Горестные сетования сыпались из него, как в финале античной трагедии.
— Бешенство мозга, — поставил диагноз Гриша, и уточнил, — зажравшегося. Вот поработал бы ты на моем месте, когда каждую смену люди у тебя под руками умереть норовят, а ты их откачиваешь — может, и поумнел бы. Понял бы смысл жизни.
— А вы уверены, что их всех стоит спасать? — вопросил Матвей. — А если кто-то из них приносит лишь зло? А если кто-то все равно скоро умрет, испытав лишь ненужные мучения?..

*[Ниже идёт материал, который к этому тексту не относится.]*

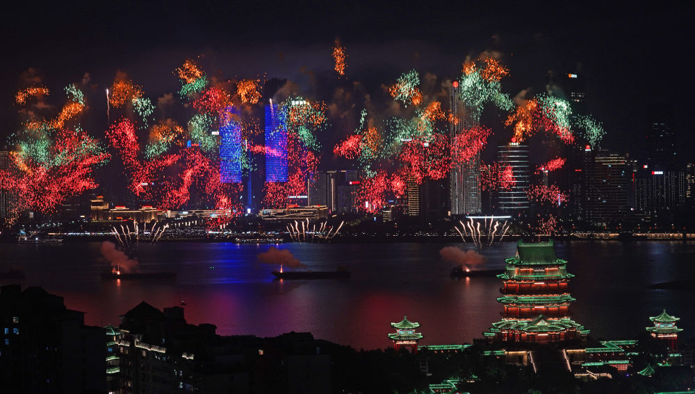 10月1日,2025年南昌市國慶煙花晚會(huì)在江西省南昌市贛江老官洲水域舉辦。新華社記者 萬象 攝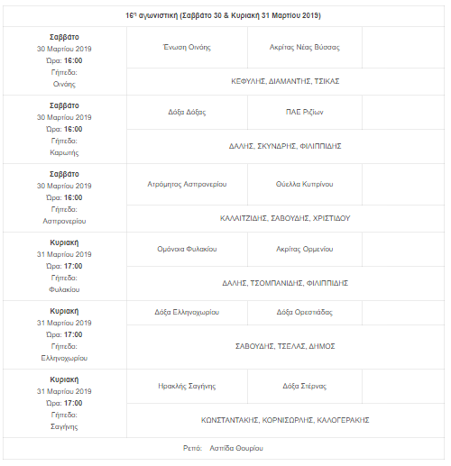 Α’ Κατηγορία 16η Αγωνιστική πρωταθλήματος «ΣΕΡΚΕΛΙΔΟΥ Ορθοπεδικά – Ιατρικά»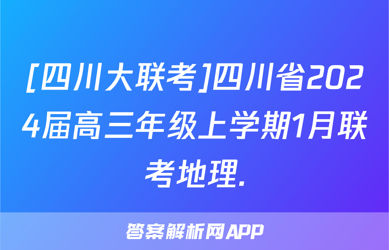 [四川大联考]四川省2024届高三年级上学期1月联考地理.正在持续更新,目前2025衡水名师卷答案网为大家整理了相关试题及答案,供大家查缺补漏,高效提升成绩。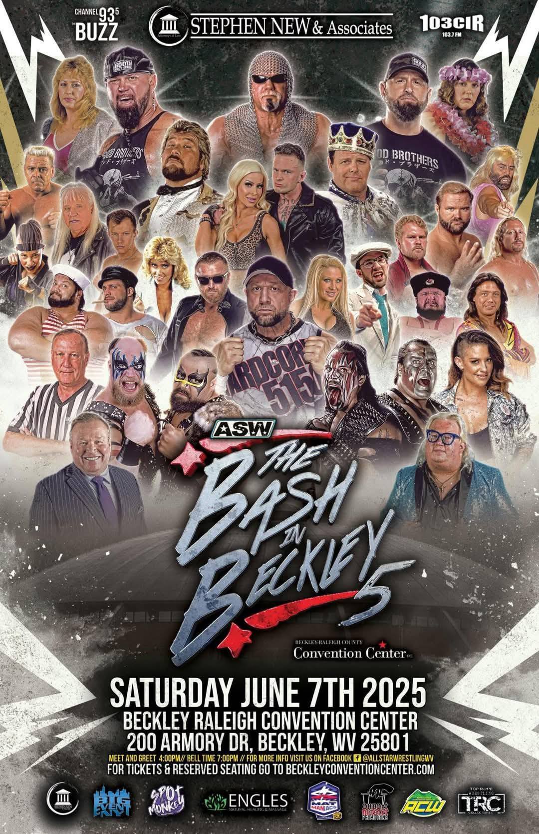 Gary Damron’s All Star Wrestling promotion is back in Beckley for the annual “Bash” show, their biggest of the year. More than 30 stars are set to attend with 10 matches on the card, which kicks off at 7pm. Wrestlers will also be available earlier in the afternoon to sign autographs and meet fans.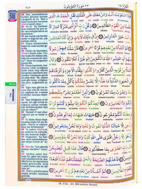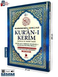 Merve Yayınları Rahle Boy Satır Altı Türkçe Okunuşlu ve Türkçe Mealli Kuran-ı Kerim Her İnsan Kuran Okumayı Öğrenebilir... Günümüz teknolojisi bu konu da insanların hizmetine birçok ürünler sunmaktadır. İnteraktif CD’ler, İnternet, Kasetler, Elif-ba kitapçıkları gibi çok çeşitli imkanlar vardır. Herşeye Rağmen Kuran-ı Arapçasından okuyamayanlar için hazırlanmış olan bu eserde, aynı sayfa içinde hem Arapça metin, hem Türkçe okunuş, hem de meal içeriğiyle yanlışsız ve anlaşılır olarak okunmasını sağlamaktadır. Ürün Özellikleri: Ebat 21 x 29cm'dir. Sayfa sayısı 624'dür. 1. Kalite Şamua kağıttır. Lüks Ciltli Sert kapaktır. Hafız Fatih Çollak'ın Seslendirmesiyle, 10 Farklı Dilde Meal Dinleyebilirsiniz. Sadeleştirilmiş Meallidir. Arapça bilmeyenler daha az hata ile okuyabilir. Elmalılı Muhammed Hamdi Yazır Meallidir.. Arapça yazılı ve Türkçe meallidir. Ayetler renkli olarak ayrılmış ve kelimelerin Türkçe okunuşu yazılmıştır. BİLGİSAYAR HATLIDIR KOLAYCA OKUNUR.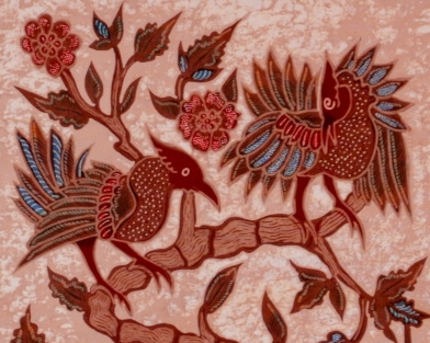 Jedes Batik-Detail ist sorgfältig mit Wachs aufgebracht, bevor es in aufwendigen Arbeitsgängen gefärbt wurde.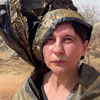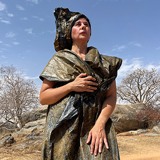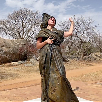 In “Wax Alive” (2022) Ekici synthesizes her interest in the ancient artistry of bronze casting with a live performance that reimagines the notions of materiality through body and nature. Wrapped in a plastic dress covered in wax, Ekici stands on a white platform in the scorching Burkina Faso sun. She inhabits the place of a real bronze cast: under the unrelenting glare and blaze of nature she stands, the wax slowly melting from her dress. These droplets fall with stochastic effect onto the white platform, creating an abstract work. After two hours, Ekici ends the performance: her face has gained a deep red shade. She is utterly enervated by the heat and light. She leaves the platform and takes off her costume. The platform, now covered with solidified wax drops, becomes a work of art in its own right—a tribute to Jackson Pollock and his drip painting technique.
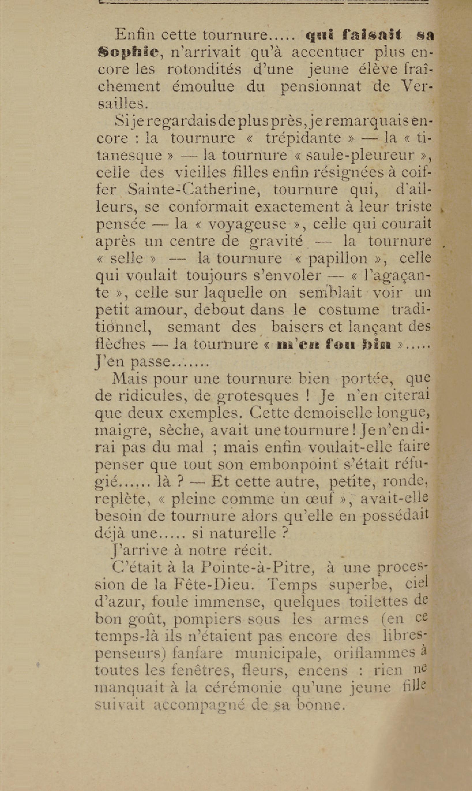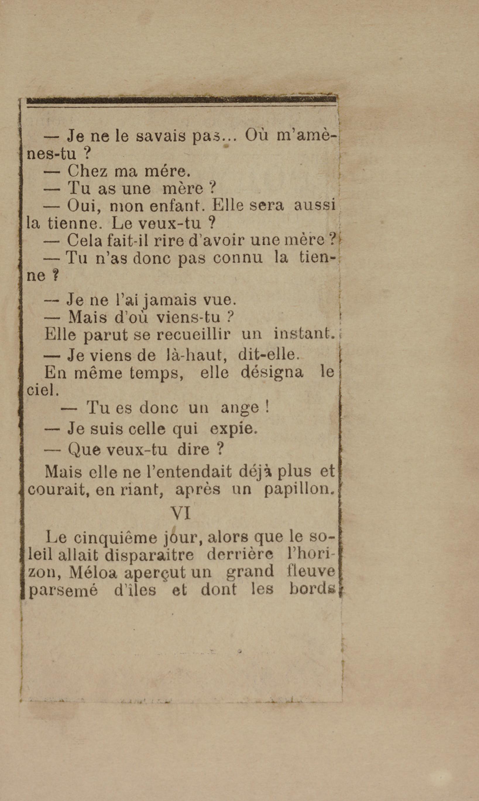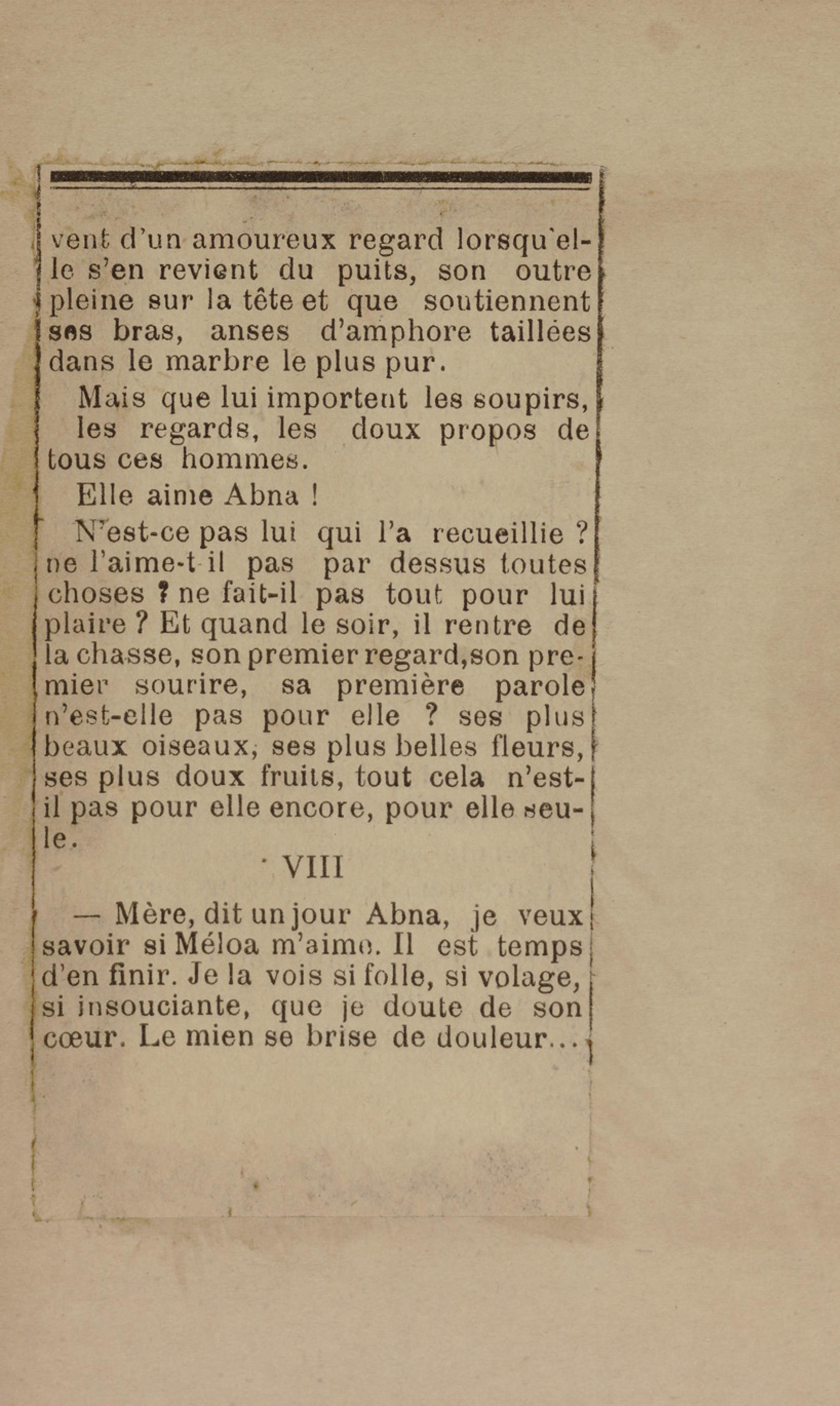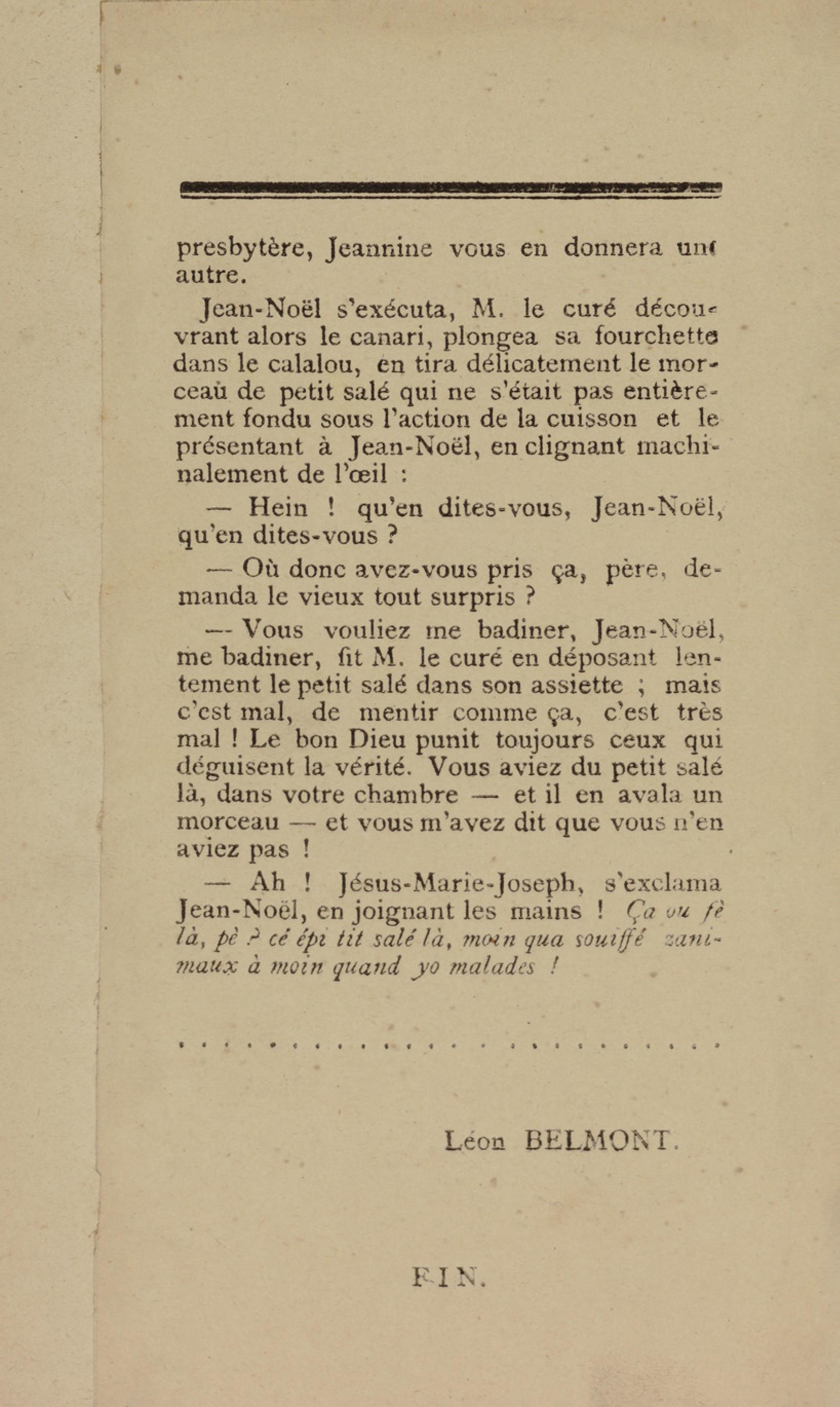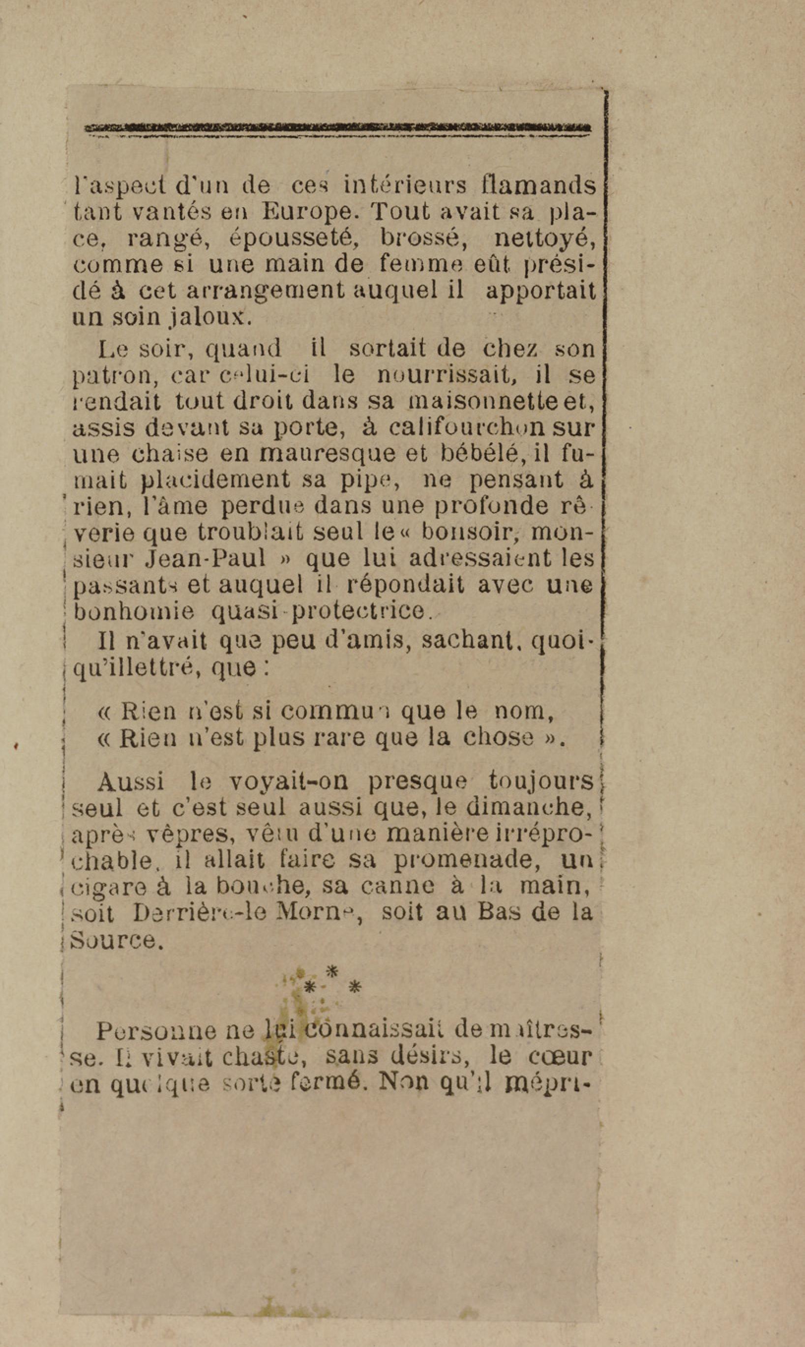 - Contient plusieurs nouvelles et romans-feuilletons publiés par épisodes dans la presse locale, notamment dans les journaux L'Avenir, Le Colonial et L'Union : Méloa. Histoire Caraïbe. Fleur de l’âme. Collation. A ma femme. Le calalou de monsieur le curé. Bonté d'enfant. Comment je me suis marié. Le mari de Latchimy. Le mariage de Jean-Paul Prineau. Nécessité n'a pas de loi. Les amours de voyage.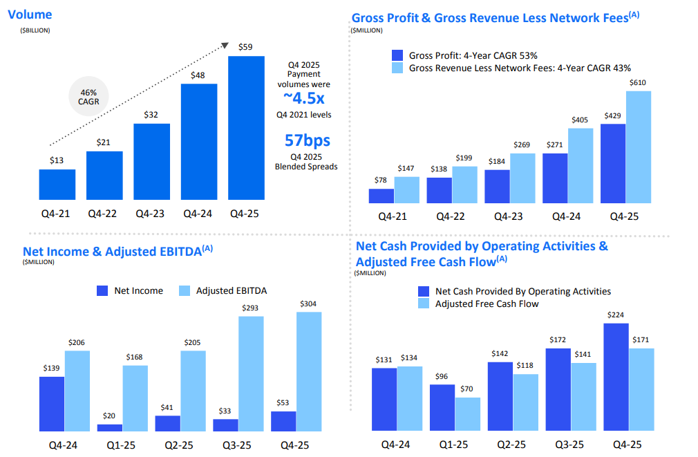 Shift4 delivered decent numbers in Q4 2025. Payment volume grew 23%, GRLNW (Gross Revenue Less Network Fees) grew 51%, Gross Profit grew 58%, and Adjusted EBITDA grew 48%: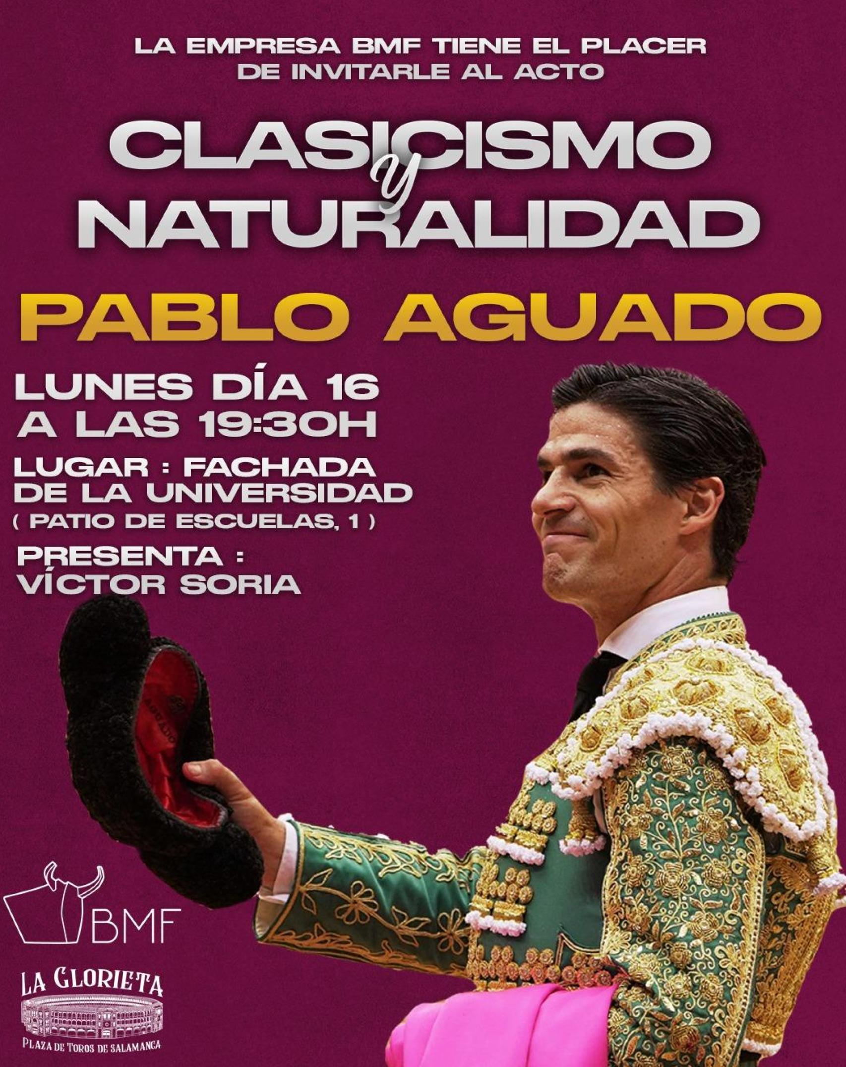 En el evento, Pablo Aguado compartirá coloquio y escenario con el periodista salmantino Víctor Soria. El acto se celebrará a partir de las 19.30 horas en la Fachada de la Universidad (Patio de Escuelas, 1) y estará abierto al público y a todos aquellos aficionados que deseen asistir.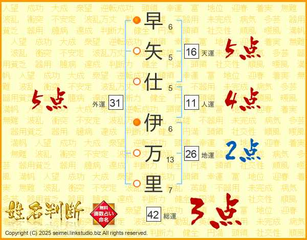 早矢仕伊万里さんの外運は31画の5点!

— Знакомая постановка вопроса, — одобрил Звягин. — Гуманная. Глубоко философская. А главное — позволяющая ничего не делать.
Въехали под арку и остановились во дворе. Гриша поднялся на крыльцо, позвонил.
— Мне жаль вас, — соболезнующе сообщил Матвей на прощание. — Живете, не задумываясь… Верите в пользу… Рабочая пчела… Впрочем, вы счастливы.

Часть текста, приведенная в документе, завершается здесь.